If customers perceive an “undeserved ‘health halo’” around climate-friendly dishes, such labels could wind up encouraging the consumption of unhealthy food, Wolfson noted. “So we have to look for labeling strategies that create ‘win-wins’ for promoting both more sustainable and healthy choices,” she added.

Getting restaurant chains to participate in such labeling may require legislation, Wolfson recently told CNN. While such labeling is relatively rare in the restaurant industry, U.K. Mexican food chain Wahaca includes two labels by each menu item: one with calories, and the other with carbon footprint, BBC recently reported.

As of April, the U.K. required restaurants that employ more than 250 people to list calorie count on their menus.
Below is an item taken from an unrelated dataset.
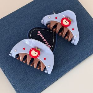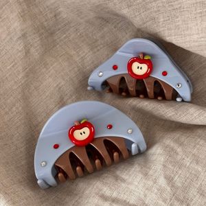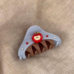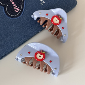 韩版小众设计感闪钻苹果拼接半圆质感抓夹百搭清新盘发鲨鱼夹发饰

Wahaca decided to take things a step further.

“When the government started telling us that we had to put calories on our menus, we thought it was a nice opportunity to start talking about carbon,” Thomasina Miers Miers, Wahaca’s co-founder, recently told BBC. 

“Calories are not a brilliant way to determine how healthy food is and they’re definitely not a good way to determine whether it’s good for the planet.”

U.S. food chains Panera Bread and Just Salad began including carbon footprint notes on at least some of their menu items in 2020, though the practice is not widespread, industry publication Restaurant Business noted Thursday.